«Мои мозги лежат в моем кошельке,
Вы слышите, как они звенят.
Серебро – вот что я есть.
Серебро – вот о чем я думаю».
Эта цитата показалась Вийеки знакомой, но разговор был прерван безмолвным появлением одного из стражей принца-храмовника. Как только он оказался внутри палатки, солдат в змеином шлеме вытянулся и застыл в неподвижности, словно его заморозил порыв ледяного ветра.
Пратики коротко кивнул. Получив формальное разрешение на существование, страж сделал извиняющийся жест.
– Жертва генерал Кикити просит об аудиенции, ваша светлость.
– Конечно, пусть войдет, – сказал Пратики, но бросил на Вийеки быстрый взгляд, словно хотел сказать: «А вот один из тех глупцов, о которых я только что упоминал».
Если генерал Кикити и относился к категории глупцов, Вийеки приходилось признать, что он таковым не выглядел; генерал был непривычно высоким и обладал резкой красотой – внимание сразу привлекал костлявый нос, больше похожий на клюв, знак принадлежности к одной из древнейших семей.
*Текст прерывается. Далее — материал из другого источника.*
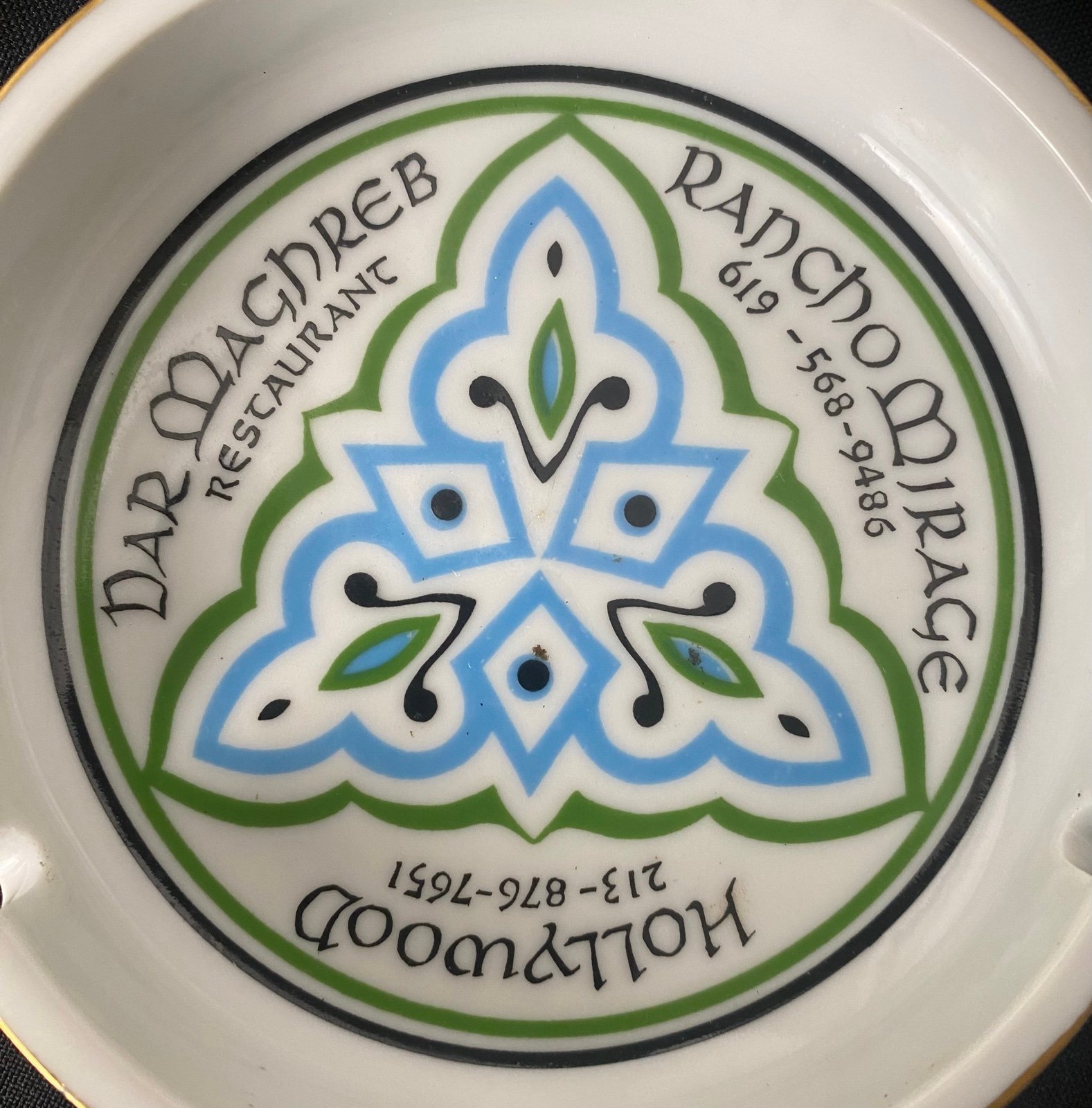 This is a vintage ashtray from the now-closed Dar Maghreb Restaurant, which had locations in Hollywood and Rancho Mirage, California.

– Добро пожаловать, генерал, – сказал Пратики, когда Кикити опустился перед ним на колени. – Встань! Желаю тебе хороших новостей в День Друкхи. Я надеюсь, что позднее ты сможешь выпить со мной немного вина – нам нужно многое обсудить.
– Я слышу королеву в вашем голосе, – ответил Кикити, бросив быстрый взгляд на Вийеки. Генерала не слишком обрадовало, что магистр находится в шатре принца-храмовника и они беседуют наедине. – Для меня это будет честью, ваше высочество, и нам действительно нужно многое обсудить. Наши остальные силы прибыли и заняли свои позиции. Мы готовы начать покорение крепости смертных.
И вновь Вийеки отчетливо понял, какое незначительное место он занимает в глазах Кикити и Певца Согейу. Кикити даже не приветствовал его, а прямо объявил об атаке на смертных – то есть о начале новой войны, даже не сделав вид, что его интересует мнение Вийеки и что он обладает хоть какой-то властью. Приказы королевы, полученные Вийеки, становились бессмысленными.
«Бессмысленными. – Поразительная мысль. – Неужели королева солгала? Возможно ли такое? Может быть, другие искажают и попирают ее слова или она сама произносит вещи, которые лживы, и прекрасно это знает?»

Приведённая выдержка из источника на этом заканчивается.